Time Decay (also known as 'Theta') is the relentless enemy of the options buyer and the steadfast friend of the options seller. It measures the rate at which an options contract loses value as its expiration date draws nearer. Think of it like a melting ice cube: the moment you buy an option, its time value begins to evaporate, drip by drip, day by day, until nothing is left at expiration. This erosion of value is due to the decreasing uncertainty about where the underlying stock's price will be when the contract expires. The portion of an option's price that is subject to this decay is its extrinsic value (or time value). The closer the option gets to its expiration date, the less time there is for the desired price movement to occur, and thus, the less that time is worth. This daily loss in value is what Theta quantifies.
Theta is one of the key metrics, known collectively as the Greeks, used by traders to measure the different risks associated with an option's price. It is typically expressed as a negative number representing the dollar amount an option will lose per day, assuming all other factors like stock price and volatility remain constant. For example, an option with a Theta of -0.05 is expected to lose about $0.05 of its value every day.
Crucially, time decay is not linear. It doesn't happen at a steady, predictable pace. Instead, it accelerates, like a ball rolling down an increasingly steep hill.
Imagine you have a ticket to a concert that's three months away. You might be able to sell it for a good price. But if the concert is tonight and the show is about to start, that ticket's value is plummeting with every minute that passes. That’s time decay in action.
While many value investors stick to buying great companies at fair prices, a sophisticated understanding of options and time decay can open up conservative, income-generating strategies. The key is to put time decay on your side by selling options rather than buying them.
Instead of betting on a stock's direction and fighting against the clock, a value investor can act like an insurance company, selling policies (options) and collecting the premium.

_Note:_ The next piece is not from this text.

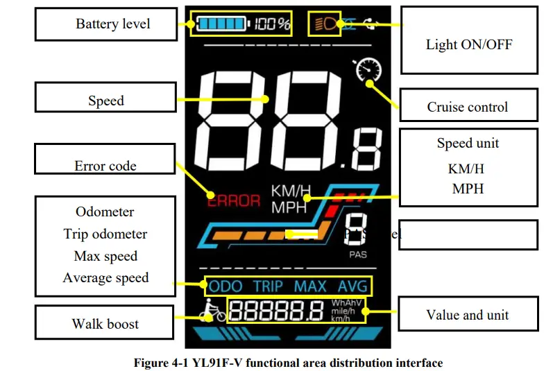 The YL91F-V display offers a variety of features to suit your riding needs, including

For the average investor, buying options purely for speculation is a losing game precisely because of time decay. You have to be right about the direction of the stock, the magnitude of the move, and the timing—all while Theta is eating away at your investment every single day. By contrast, by conservatively selling options on stocks you already own or wish to own, you transform time decay from a wealth-destroying foe into a reliable, income-generating friend.